Так весело, значит, стало этому образчику, что я аж запереживал за него. У бедолаги явно не в порядке с головой. Даже не удосужился посмотреть, кто за спиной, а такие эпитеты позволяет себе загибать. А может, он настолько крутой, что вообще никого не боится?.. Нет, так не бывает. Если же и бывает, теоретически, то – наверняка у него в голове серое вещество атрофировалось. Никого не боятся или покойники, или полные кретины. Ну ладно.
– Понял, – говорю спине этого урода тупорылого, спине, надо сказать, «поперёк себя шире». Встанет, и окажется, что не выше меня ростом, зато – вдвое шире.
– Понял. – Повторяю специально для тугодумов: – Говорить тебе, идём—выйдем, дескать, я не буду. С выродком, позорящим собственную нацию и собственное наречие, я побрезгую даже выходить куда. – Убираю указательный палец, изгибаю корпус назад и взмахом обеих рук резко бью по ушам образчика тупости. Он утробно икает, роняет на стойку мой стакан, но вместо того, чтобы мордой врезаться в неё же, почему—то начинает, всей своей спинищей, на меня надвигаться. Странно, а я полагал, что у меня достаточно мощные, отработанные удары…
– Лю – ди бью – т на – ших, – слышу я за спиной отчётливый голос, и буквально затылком и щеками ощущаю придвижение тылового и фланговых атакующих легионов. – Развелось этих людишек, – слышу я тот же голос, резко припадая на колено и подныривая под спинищу, – не продыхнуть. Воняют.
«Угораздило же ж! на модов нарвался! – успеваю я подумать, проводя захват. – Добро б ещё на лаб—модов, а вдруг муты они? не дай—то дхорр…»
И злейшему врагу не пожелаешь сцепиться с мутами. «Дикими», не в лаборатории модифицированными, а естественным образом мутировавшими человеками. Нередко весьма сильно изменёнными самой природой по сравнению с нами, исходным материалом. Даже императоришке Хо, краснорожему карлику, я бы не поже …л—лал!!! БУМ—Ц!!! схватиться с мут—модом, успеваю не пожелать я, прежде чем треснуться затылком об пол.

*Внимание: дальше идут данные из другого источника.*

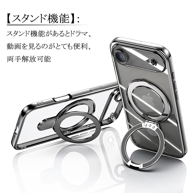 JOOBOY スマホケース 対応 ケース MagSafe対応 クリア リング付き メッキ仕上げ レンズカバー付き ソフトTPU 耐衝撃 傷に強い背面 ワイヤレス充電 ストラップホール付き 磁気 カバー

Широченная спинища обрушилась на меня с неимоверной быстротой, я не успел поднырнуть и врезать сбоку по печени (если она у него есть!) или под дых… Из глаз моих самым натуральным образом сыплются звёзды, я ни черта не вижу, но, ясный пень, стремлюсь сместиться в направлении стойки, опережая любой удар, откуда б он ни появился. Имея за спиной хоть какое—никакое прикрытие, получаешь мизерный, но шанс выжить. Скользя на спине по полу между высокими табуретами и стойкой, я слышу сбоку грохочущий БУМ—Ц!!!!!! – ага, это упал громила, и вдёргиваю ноги, чтобы он мне их не отдавил. Раздирая о подпорки табуретов в кровь кожу, выпрастываюсь, встаю во весь рост, стремясь заполучить возможность ответить ударом на удар. Мозги уже малость прояснились, звёзды погасли, и я вижу…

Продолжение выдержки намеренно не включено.